Every once in a while, at restaurants with award-winning wine lists like Las Vegas’ Aureole, Veritas in New York City, Paris’ Taillevent or the Glitretind at Stein Eriksen Lodge, I’ll see them. They are carrying small, odd-shaped attaché cases, about the size of bowling ball bags—the telltale sign of an unrepentant wine snob. These customers have brought their own wineglasses into the restaurant.
Why would someone do that? Well, it’s because when it comes to drinking wine, glasses do make a difference. To some folks, they make a big difference. These are the people who only drink wine out of expensive, specialty glasses—even in restaurants.
I never paid much attention to wineglasses until I attended a Riedel wine-tasting seminar seven or eight years ago at Snowbird’s WinterFeast. It was sponsored and conducted by Riedel, an Austrian company that’s been producing fine stemware for 10 generations. The seminar was part sales pitch and part science, and I was skeptical.
To make a long story short, I’m a Riedel convert. Glasses really do matter when you’re drinking wine. Or at least, when you’re paying attention to the wine you’re drinking.
If you read last week’s Grapevine column about decanting, you know that air is wine’s friend.
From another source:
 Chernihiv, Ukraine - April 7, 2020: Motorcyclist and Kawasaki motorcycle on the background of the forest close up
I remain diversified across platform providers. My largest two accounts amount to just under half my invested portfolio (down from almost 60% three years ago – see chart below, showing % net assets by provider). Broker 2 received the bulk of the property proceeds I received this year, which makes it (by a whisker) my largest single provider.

At least in the short term, most wine benefits from a period of aeration. That can happen in a decanter, but the simplest and easiest way to expose wine to air is in the glass. Providing, that is, that you have the right sort of glass.
Wineglasses in 95 percent of the restaurants I eat in are too small. If there’s a rule of thumb when buying wineglasses, it’s GO BIG. That’s not so you can drink large portions of wine, but so you can pour a decent-sized portion of wine—three to five ounces—without filling up the glass.
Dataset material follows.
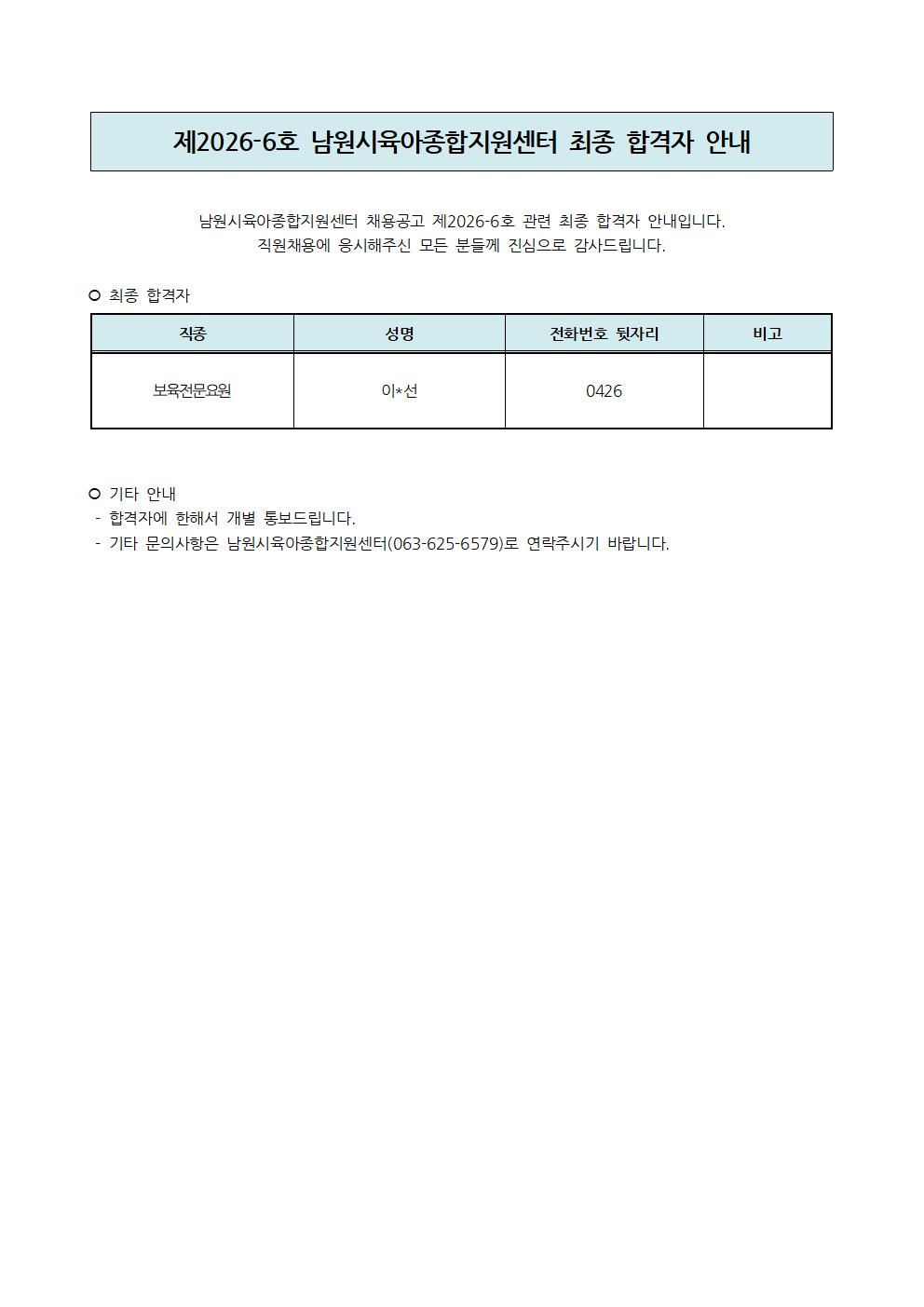 [채용] 제2026-6호 남원시육아종합지원센터 최종 합격자 안내

You know all the swishing and swirling that you see wine geeks do with their wine? That’s not just a nervous twitch. What they are doing is getting some air into it. Aerating most wine helps to bring out the flavors and aromas of those wines. Unfortunately, most restaurants use small, cheap wineglasses called “jokers” and then fill them to the brim.
Ideally, a wineglass should be able to hold 12 ounces or more. That’s not because you’re going to fill the glass with 12 ounces of wine, but so you’ll have plenty of room for the wine to breathe and to swish and swirl. If you’ve never drunk from a glass like that, it’ll seem huge and unwieldy at first. But, just like you got used to drinking from those silly Margarita glasses in Mexican restaurants, you’ll get used to drinking out of large wineglasses, too.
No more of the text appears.